From numerous studies by Standish Group and others ref as of 1998 for traditional project management methods, only 44% of projects typically finish on time, projects usually complete at 222% of the duration originally planned, 189% of the original budgeted cost, 70% of projects fall short of their planned scope (technical content delivered), and 30% are cancelled before completion.
These traditional statistics are mostly avoided through CCPM. Typically, CCPM case studies report 95% on-time and on-budget completion when CCPM is applied correctly. Mabin and Balderstone, performed a meta-analysis of seventy-eight published case studies taken from the manufacturing and operational literature. They found that implementing Critical Chain resulted in mean reduction in lead-times of 69%, mean reduction of cycle-times of 66%, mean improvement in due date performance of 60%, mean reduction in inventory levels of 50% and mean increases in revenue / throughput of 68%. While these statistics may not entirely apply to the project management venue, they could be an indication to the magnitude of improvements possible when applying the same techniques to the project world.
In project management, the critical chain is the sequence of both precedence- and resource-dependent terminal elements that prevents a project from being completed in a shorter time, given finite resources. If resources are always available in unlimited quantities, then a project's critical chain is identical to its critical path.
Critical chain is used as an alternative to critical path analysis. The main features that distinguish the critical chain from the critical path are:
CCPM aggregates the large amounts of safety time added to many subprojects in project buffers to protect due-date performance, and to avoid wasting this safety time through bad multitasking, student syndrome, Parkinson's Law and poorly synchronised integration.
Critical chain project management uses buffer management instead of earned value management to assess the performance of a project. Some project managers feel that the earned value management technique is misleading, because it does not distinguish progress on the project constraint (i.e. on the critical chain) from progress on non-constraints (i.e. on other paths). Event chain methodology can be used to determine a size of project, feeding, and resource buffers.
Resources are then assigned to each task, and the plan is resource leveled using the 50% estimates. The longest sequence of resource-leveled tasks that lead from beginning to end of the project is then identified as the critical chain. The justification for using the 50% estimates is that half of the tasks will finish early and half will finish late, so that the variance over the course of the project should be zero.
Recognizing that tasks are more likely to take more rather than less time due to Parkinson's law, Student syndrome, or other reasons, "buffers" are used to establish dates for deliverables and for monitoring project schedule and financial performance. The "extra" duration of each task on the critical chain—the difference between the "safe" durations and the 50% durations—is gathered together in a buffer at the end of the project. In the same way, buffers are gathered at the end of each sequence of tasks that feed into the critical chain.

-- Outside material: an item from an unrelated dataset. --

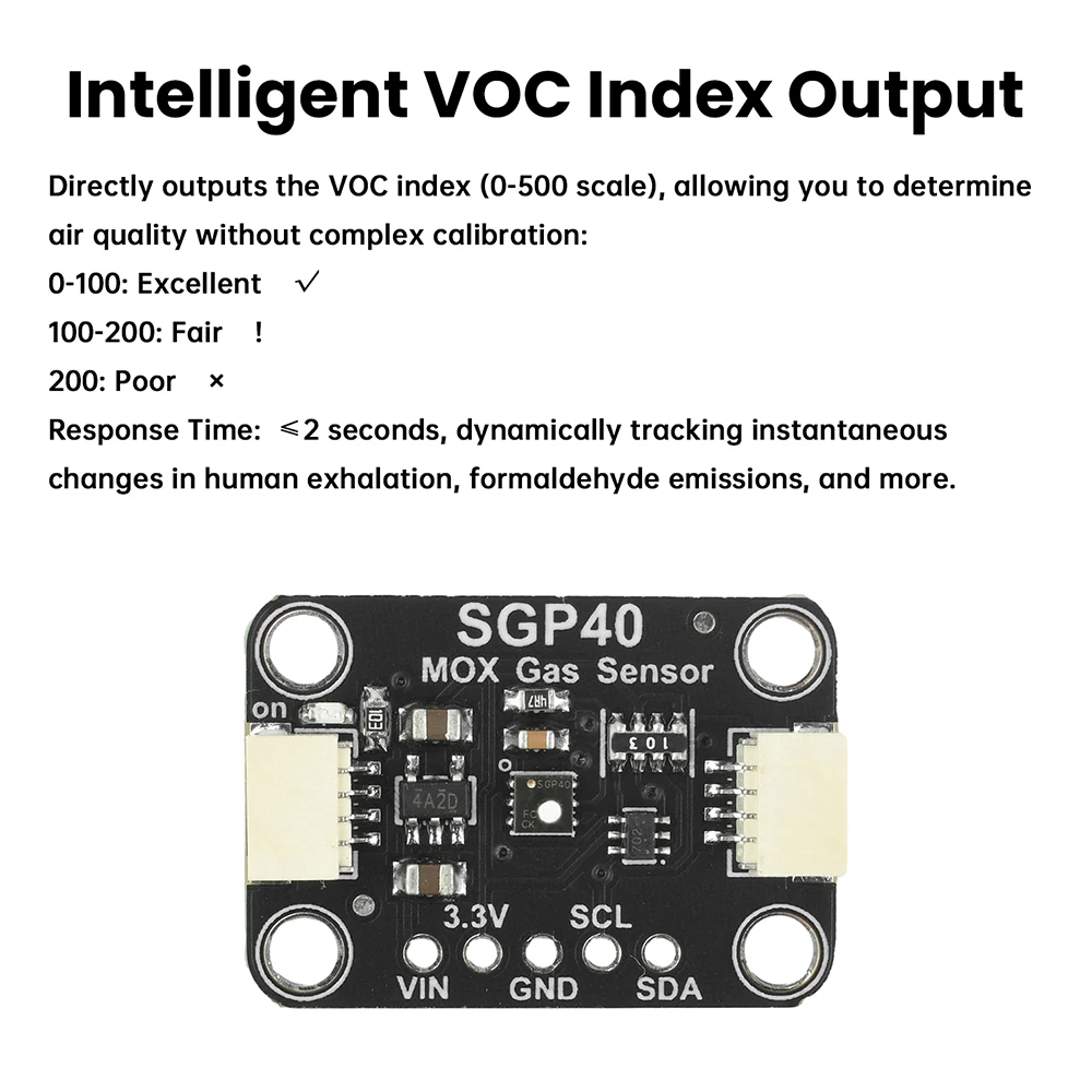 Directly output VOC Index (0-500 scale) to determine air quality without complex calibration:

Finally, a baseline is established, which enables financial monitoring of the project.
When the plan is complete and the project ready to kick off, the project network is fixed and the buffers size is "locked" (i.e. their planned duration may not be altered during the project), because they are used to monitor project schedule and financial performance.
With no slack in the duration of individual tasks, the resources on the critical chain are exploited by ensuring that they work on the critical chain task and nothing else; bad multitasking is eliminated. An analogy is drawn in the literature with a relay race. The critical chain is the race, and the resources on the critical chain are the runners. When they are running their "leg" of the project, they should be focused on completing the assigned task as quickly as possible, with no distractions or multitasking. In some case studies, actual batons are reportedly hung by the desks of people when they are working on critical chain tasks so that others know not to interrupt. The goal, here, is to overcome the tendency to delay work or to do extra work when there seems to be time.
Because task durations have been planned at the 50% probability duration, there is pressure on the resources to complete critical chain tasks as quickly as possible, overcoming student's syndrome and Parkinson's Law.
Monitoring is, in some ways, the greatest advantage of the Critical Chain method. Because individual tasks will vary in duration from the 50% estimate, there is no point in trying to force every task to complete "on time;" estimates can never be perfect. Instead, we monitor the buffers that were created during the planning stage. A fever chart or similar graph can be easily created and posted to show the consumption of buffer as a function of project completion. If the rate of buffer consumption is low, the project is on target. If the rate of consumption is such that there is likely to be little or no buffer at the end of the project, then corrective actions or recovery plans must be developed to recover the loss. When the buffer consumption rate exceeds some critical value (roughly: the rate where all of the buffer may be expected to be consumed before the end of the project, resulting in late completion), then those alternative plans need to be implemented.